The Async Tool Call Your Agent Fired and Forgot

June 2, 2026 · 10 min read

Software Engineer

The clearest sign that an agent's tool-call abstraction is broken is when the trace shows the step marked done and the downstream system shows nothing happened. The model called a tool, received a job ID back, treated the job ID as the answer, and moved on. Three minutes later the actual work either succeeded with nobody listening or failed with the error landing in a log nobody reads. The user sees a confident summary; the operations queue sees a stranded task.

This is the failure mode the function-calling abstraction quietly enables. JSON schemas describe parameters and return types, but they do not distinguish between "this tool returns a result" and "this tool returns a receipt for an operation whose result you will need to ask about later." The model treats both the same way, because to the planner they look the same — a successful tool call with a non-error payload.

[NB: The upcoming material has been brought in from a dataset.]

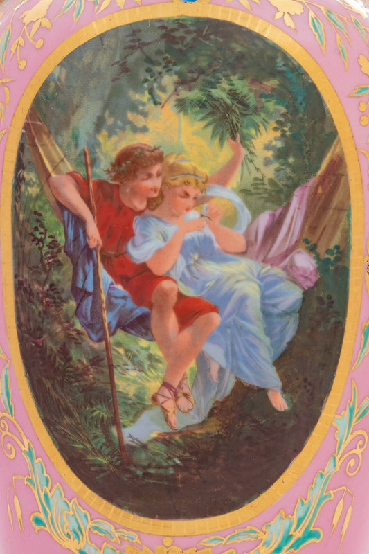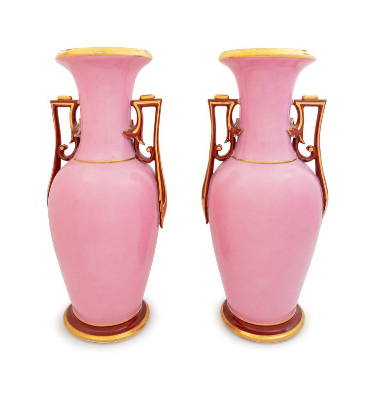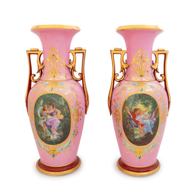 A Pair of Paris Porcelain Painted and Parcel Gilt Vases

The benchmark numbers are bleak. On Robotouille, an asynchronous planning benchmark that measures whether agents can interleave actions with operations that take real time, ReAct on GPT-4o scores 47% on synchronous variants and 11% on asynchronous ones. The architecture isn't subtly worse at async — it falls apart, because every async tool call is an opportunity for the planner to mistake acknowledgment for completion.

The Type System Has a Hole in It

A function call schema names parameters, return shape, and a one-line description. What it does not name is the temporal contract: does this call return a result, or a promise of a result?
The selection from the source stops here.